With the dollar rising and the price of oil falling, gold is losing its value, meaning that jewelers from Tiffany & Co. to Pandora — and their customers — can expect to pay less for the precious metal. In October, the price of gold fell to a four-year low, and as of mid-December, gold was trading at $1,194.40 per troy ounce.

This story first appeared in the January 5, 2015 issue of WWD. Subscribe Today.

“Cheaper gold will provide margin headroom for the likes of Richemont and Swatch, which is quite convenient at a time when demand is soft,” said Luca Solca, managing director at Exane BNP Paribas.

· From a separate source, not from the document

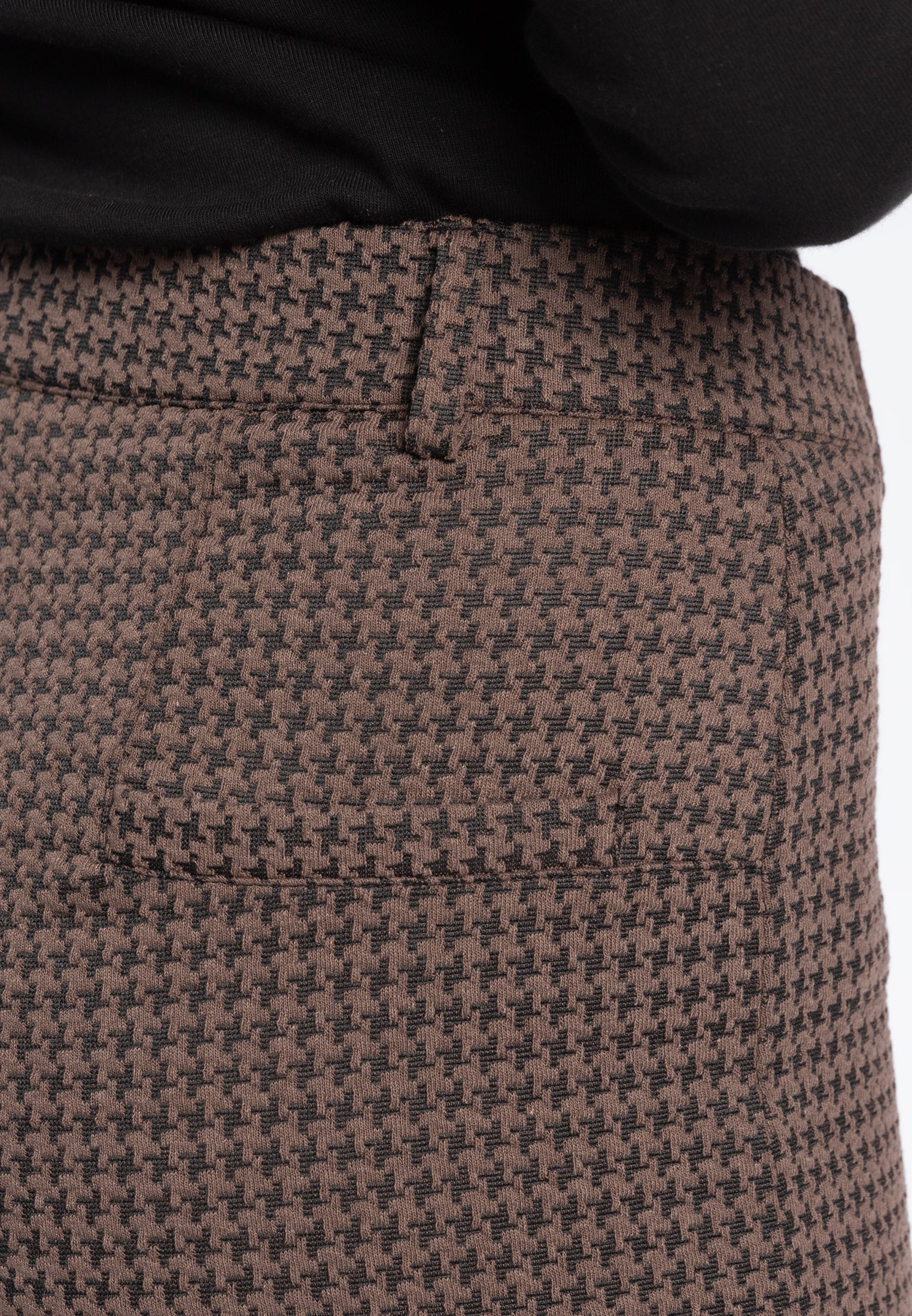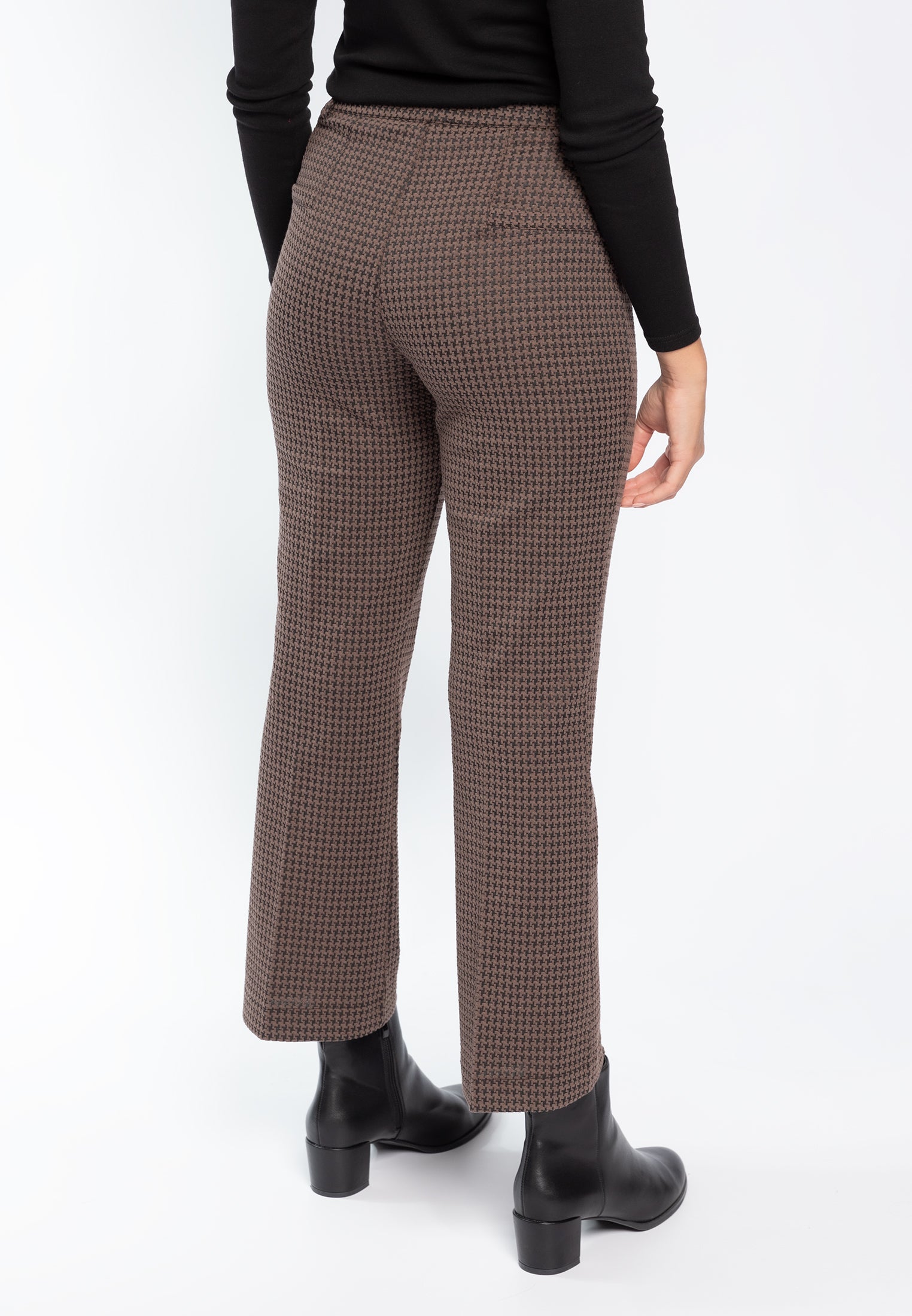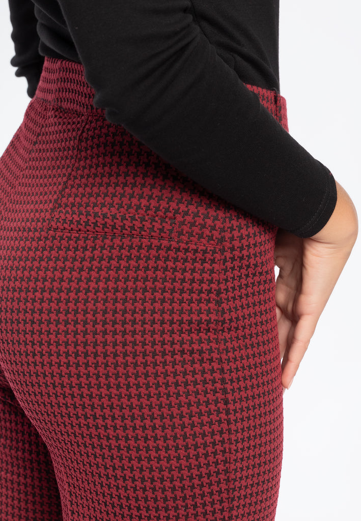 Pantalone trombetta nel più tradizionale stile anni '70 sempre attuale in micro fantasia pied de poule. Questo modello è costruito con vita elasticizzata con passanti, senza tasche, comodo come indossare un leggings pur mantenendo l'eleganza di un pantalone. Le tasche posteriori sono finte per offrire la giusta estetica senza inficiarne la vestibilità. Realizzato nell'esclusivo tessuto Compact, un punto Milano incredibilmente compatto ed elasticizzato, tanto da garantire sempre una vestibilità perfetta. Un pantalone ingualcibile e resistente, praticamente indistruttibile e ovviamente lavabile in lavatrice per la massima praticità.

In a recent report on the Danish retailer Pandora, Antoine Belge said silver and gold prices will remain “a substantial gross-margin driver” in the 2015-16 fiscal year. Separately, Belge told WWD that lower gold and silver prices would help a variety of companies, including Compagnie Financière Richemont SA, Swatch and Tiffany.

Sally Morrison, managing director of marketing and jewelry at the World Gold Council, said that while the organization cannot comment on how specific firms acquire their gold, the lower prices will impact markets differently.

“In Western markets, changes in the price of gold typically take months to feed through to consumers,” she said. “In Eastern markets, however, the changes in the price are almost immediately reflected in the price of the jewelry. In those markets, the retail price of jewelry is based on the weight of the piece, with a small premium added for a making cost.”